Arnošt
Lustig
Una
oración por Kateřina Horovitzová
Los
ojos del sastre no dejaban de repetir algo que ya no estaba relacionado con su
trabajo: que aquella ceniza sería indestructible e indeleble. No se consumiría
presa de las llamas, pues era producto del fuego mismo. No se congelaría, tan
solo se mezclaría con la nieve y el hielo. No se agostaría a la solana, pes
nada puede estar más seco que la ceniza. Ningún ser vivo podría huir de ella.

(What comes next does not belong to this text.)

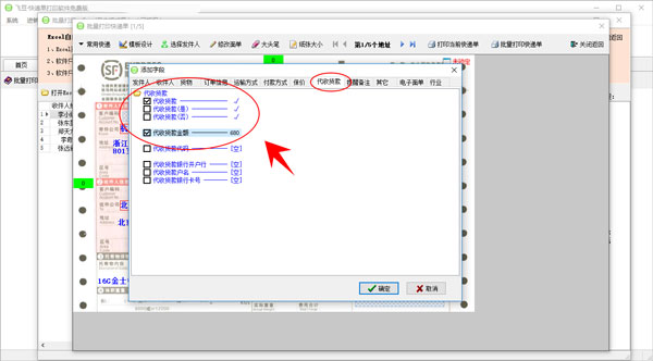 15、模板中没有“代收货款金额”字段,可以手动添加上去,点击【模板设计】,选择【添加字段】

Estaría contenida en la leche que bebieran las criaturas que aún no habían
nacido, y en los pechos maternos de los que mamarían. Permanecería en las flores que se abren y en el polen con
que las fecundarían las abejas. Penetraría hasta las profundidades de la
tierra, donde los bosques putrefactos se transforman en carbón, y hasta lo más
alto del cielo, donde la vista de los seres humanos, multiplicada por el
telescopio, se estrella contra el envoltorio imperceptible que gira en torno a
esta terrenal manzana agusanada. Permanecería en la mirada y el aliento de cada
hombre, y el próximo que se preguntase de qué substancia estaba compuesto el
aire que respiraba se vería obligado a tomar en consideración esta ceniza.
Estaría entre las páginas de los libros aún por escribir, en confines aun no
hollados por el pie del hombre. Nadie podría zafarse de ella. De la ceniza,
importuna y gentil, de los muertos que perecieron sin culpa.